In some implementations of the embodiments of the present application, the microservice is further configured to determine whether the local cache includes a first resource identifier corresponding to a user account of the client;
the micro-service is further used for sending a resource identifier allocation request to the unified authentication and authorization center if the local cache does not contain the first resource identifier corresponding to the user account of the client;
the unified authentication authorization center is also used for receiving a resource identifier allocation request, allocating a first resource identifier for a user account of the client and sending the first resource identifier to the micro service;
the micro service is further configured to receive the first resource identifier and write the first resource identifier into the local cache.
Referring to fig. 7, the present application also provides an electronic device 70, the electronic device 70 comprising at least one processor 701, and at least one memory 702, bus 703 connected to the processor 701; wherein, the processor 701 and the memory 702 complete communication with each other through the bus 703; the processor 701 is configured to invoke the program instructions in the memory 702 to implement a unified authentication and authorization method based on the micro-service architecture as described in fig. 1 to 4.
Finally, it should also be noted that in the embodiments of the present application, relational terms such as first and second, and the like are used solely to distinguish one entity or action from another entity or action without necessarily requiring or implying any actual such relationship or order between such entities or actions.
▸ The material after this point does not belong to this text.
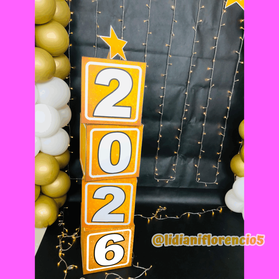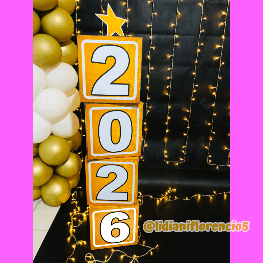 Receba as famílias com um cenário dourado e brilhante para fotos inesquecíveis! Arquivo digital com letras grandes, estrelas e números 2026 para montar.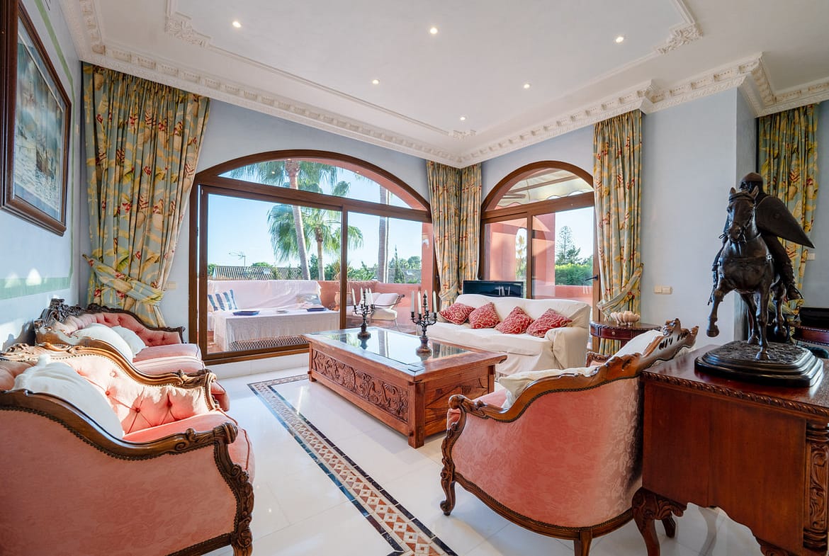 Penthouse Alhambra is a stunning duplex with private lift access in one of Guadalmina Baja’s most exclusive beachside communities. The residence features grand living areas filled with natural light from floor-to-ceiling windows and direct access to a wraparound terrace with panoramic views of the sea, gardens and mountains. High ceilings, classical details and elegant finishes create a sense of space and luxury throughout.

Moreover, the terms "comprises," "comprising," or any other variation thereof, are intended to cover a non-exclusive inclusion, such that a process, method, article, or apparatus that comprises a list of elements does not include only those elements but may include other elements not expressly listed or inherent to such process, method, article, or apparatus. Without further limitation, an element defined by the phrase "comprising one … …" does not exclude the presence of other like elements in a process, method, article, or apparatus that comprises the element.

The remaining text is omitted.